1. A light output prediction method for nitride semiconductor light-emitting element that is a method for predicting light output of a nitride semiconductor light-emitting element, the method comprising:

a model creation step of creating a trained model by learning at least a correlation of at least one of a composition parameter or a physical property parameter, and a manufacturing condition parameter, relative to light output of the nitride semiconductor light-emitting element, the composition parameter being a parameter defining a composition of a layer constituting the nitride semiconductor light-emitting element, the physical property parameter being a parameter defining physical properties of the layer constituting the nitride semiconductor light-emitting element, and the manufacturing condition parameter being a condition for manufacturing the nitride semiconductor light-emitting element that is changed when adjusting a value of the composition parameter or the physical property parameter; and

a light output prediction step of predicting light output using the trained model,

wherein in the model creation step, at least one of the composition parameter or the physical property parameter of a predetermined layer of the nitride semiconductor light-emitting element is used for the learning, and a growth temperature of the predetermined layer is used as the manufacturing condition parameter for the learning.

2. The method according to claim 1, wherein the nitride semiconductor light-emitting element comprises an active layer formed by alternately stacking barrier layers and well layers that comprises AlGaN, wherein the predetermined layer is the well layer, and wherein at least an Al composition ratio of the well layer, which is the composition parameter, and a growth temperature of the well layer, which is the manufacturing condition parameter, are used for the learning.

3. The method according to claim 1, wherein the predetermined layer is a buffer layer comprising AlN, and wherein at least a film thickness of the buffer layer, which is the physical property parameter, and a growth temperature of the buffer layer, which is the manufacturing condition parameter, are used for the learning.

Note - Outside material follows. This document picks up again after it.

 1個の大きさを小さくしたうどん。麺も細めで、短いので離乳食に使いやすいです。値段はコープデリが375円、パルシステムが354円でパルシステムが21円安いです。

4. A light output prediction device for nitride semiconductor light-emitting element that is a device to predict light output of a nitride semiconductor light-emitting element, the device comprising:

a model creation unit that creates a trained model by learning at least a correlation of at least one of a composition parameter or a physical property parameter, and a manufacturing condition parameter, relative to light output of the nitride semiconductor light-emitting element, the composition parameter being a parameter defining a composition of a layer constituting the nitride semiconductor light-emitting element, the physical property parameter being a parameter defining physical properties of the layer constituting the nitride semiconductor light-emitting element, and the manufacturing condition parameter being a condition for manufacturing the nitride semiconductor light-emitting element that is changed when adjusting a value of the composition parameter or the physical property parameter; and

a light output prediction unit that predicts light output using the trained model,

wherein the model creation unit uses at least one of the composition parameter or the physical property parameter of a predetermined layer of the nitride semiconductor light-emitting element for the learning, and also uses a growth temperature of the predetermined layer as the manufacturing condition parameter for the learning.